**AIM OF THE EXERCISE:** Make an exact copy, from the records below, of the lines from the line containing "Versión coreana de" to the line containing "Кружевная одежда со", both lines included, excluding pictures.

**ENTRIES PROVIDED:**
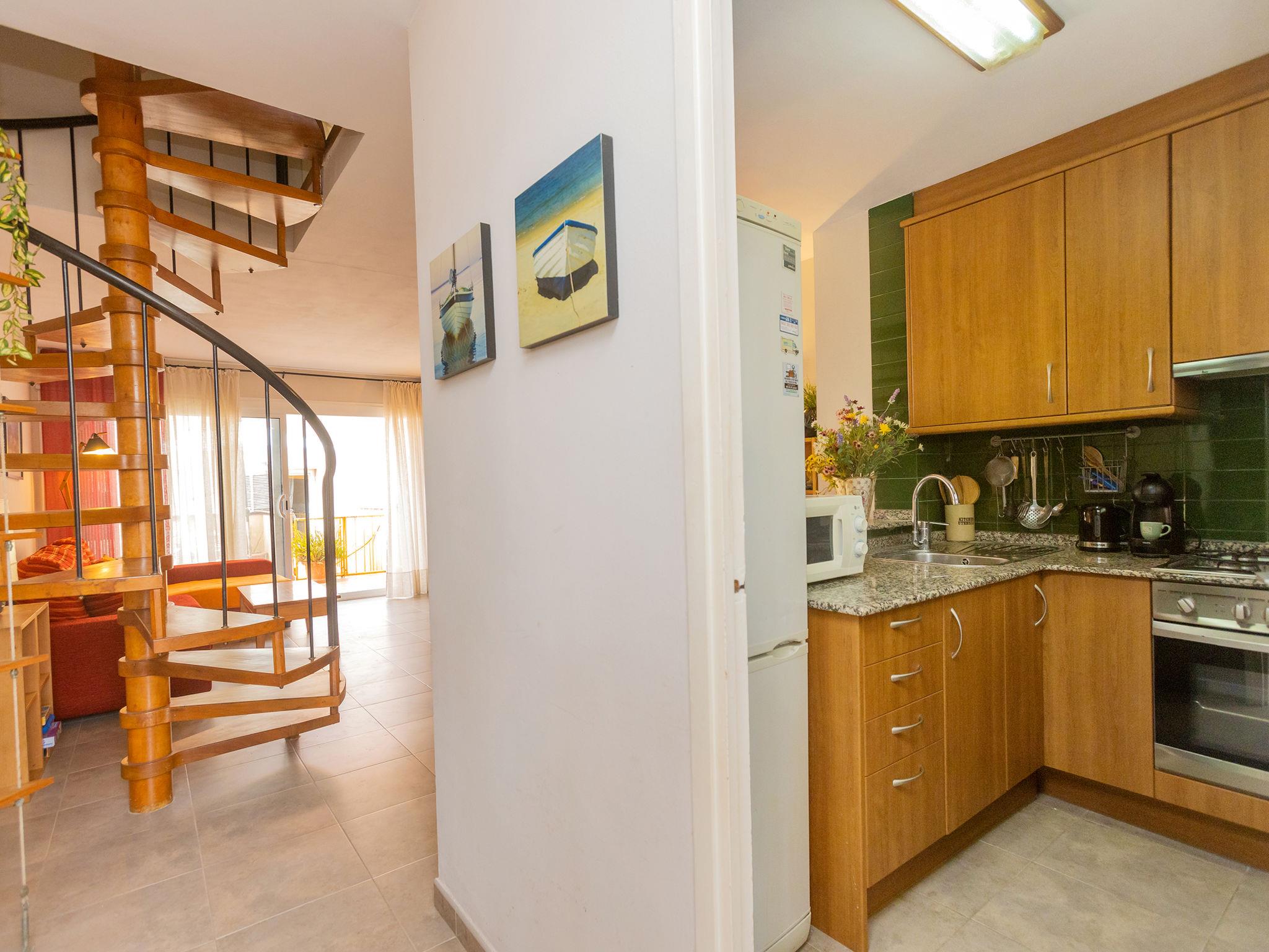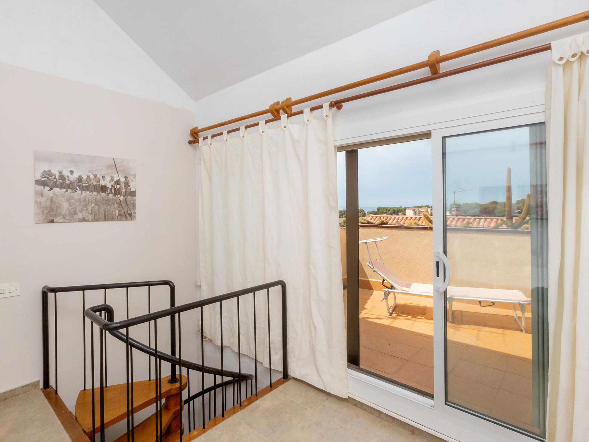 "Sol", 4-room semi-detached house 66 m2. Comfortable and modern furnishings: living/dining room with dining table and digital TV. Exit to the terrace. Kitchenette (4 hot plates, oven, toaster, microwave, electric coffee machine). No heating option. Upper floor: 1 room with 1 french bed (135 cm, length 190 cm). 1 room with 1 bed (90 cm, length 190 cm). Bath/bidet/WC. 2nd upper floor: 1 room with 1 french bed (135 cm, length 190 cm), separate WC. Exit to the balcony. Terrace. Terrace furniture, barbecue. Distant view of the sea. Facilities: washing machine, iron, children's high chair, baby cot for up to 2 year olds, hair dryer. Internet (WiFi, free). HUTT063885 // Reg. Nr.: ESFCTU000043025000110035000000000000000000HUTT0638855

---

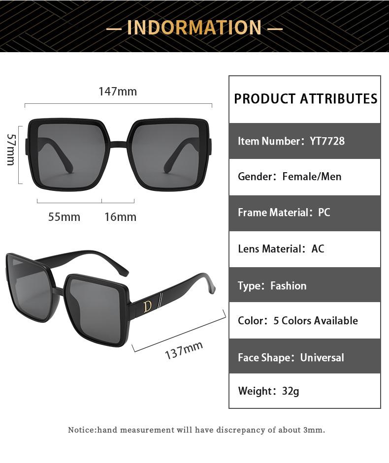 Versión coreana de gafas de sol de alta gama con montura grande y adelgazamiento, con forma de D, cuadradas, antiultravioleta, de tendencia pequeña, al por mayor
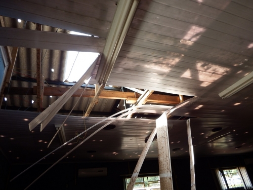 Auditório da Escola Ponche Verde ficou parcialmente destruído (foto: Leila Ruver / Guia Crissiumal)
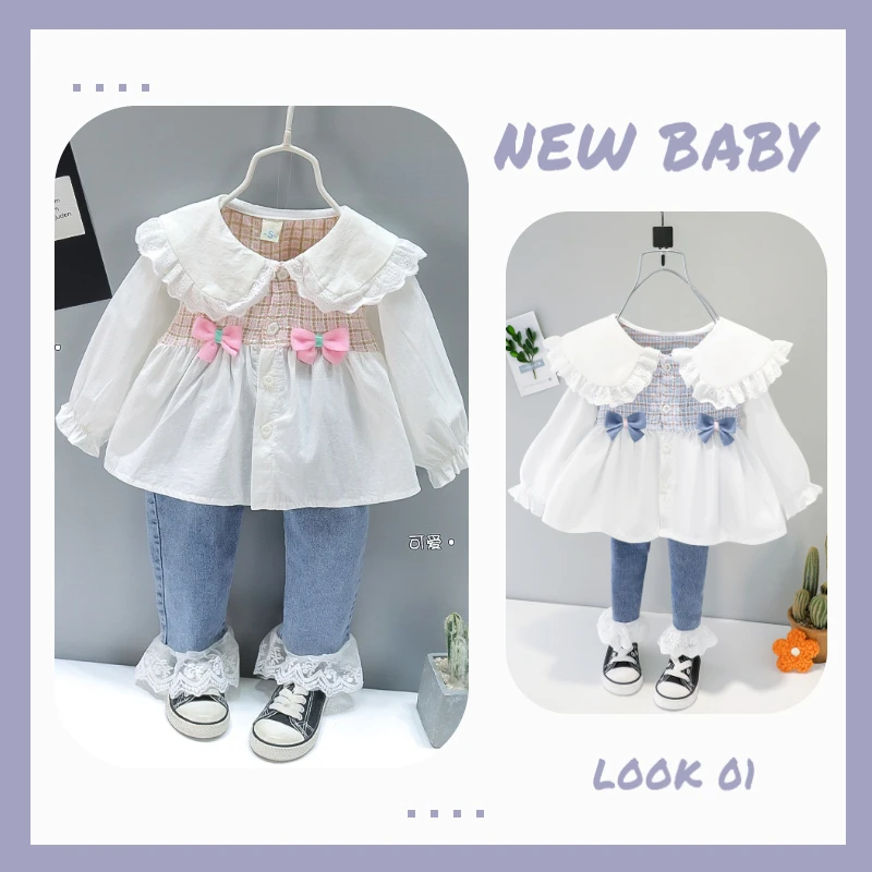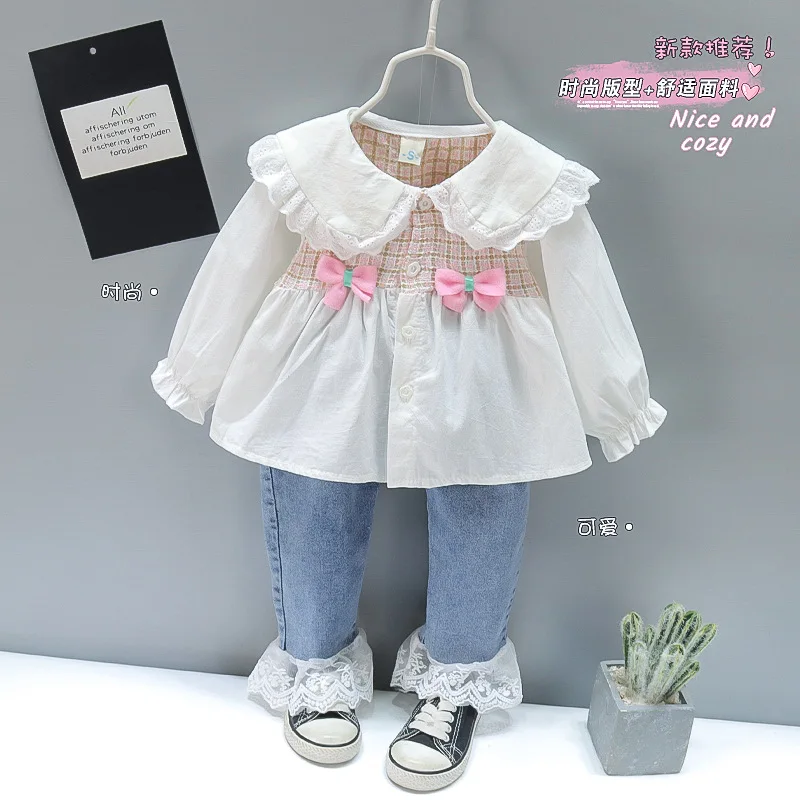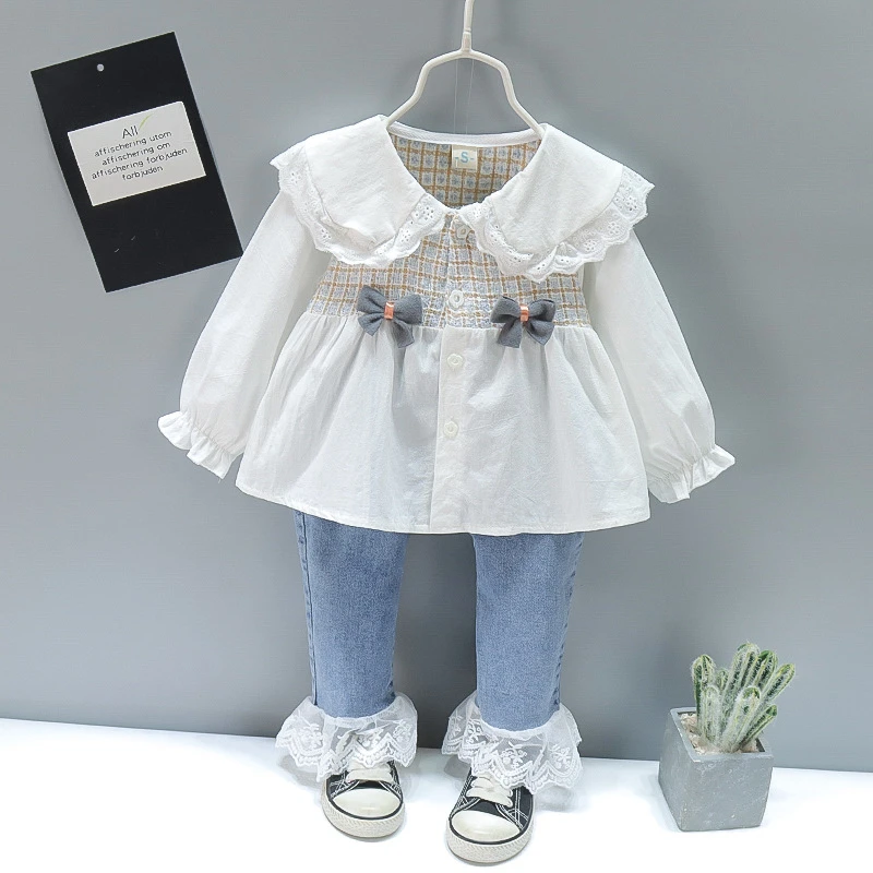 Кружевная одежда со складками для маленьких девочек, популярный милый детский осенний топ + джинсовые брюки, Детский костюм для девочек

**RESULT:**
 Versión coreana de gafas de sol de alta gama con montura grande y adelgazamiento, con forma de D, cuadradas, antiultravioleta, de tendencia pequeña, al por mayor
 Auditório da Escola Ponche Verde ficou parcialmente destruído (foto: Leila Ruver / Guia Crissiumal)
 Кружевная одежда со складками для маленьких девочек, популярный милый детский осенний топ + джинсовые брюки, Детский костюм для девочек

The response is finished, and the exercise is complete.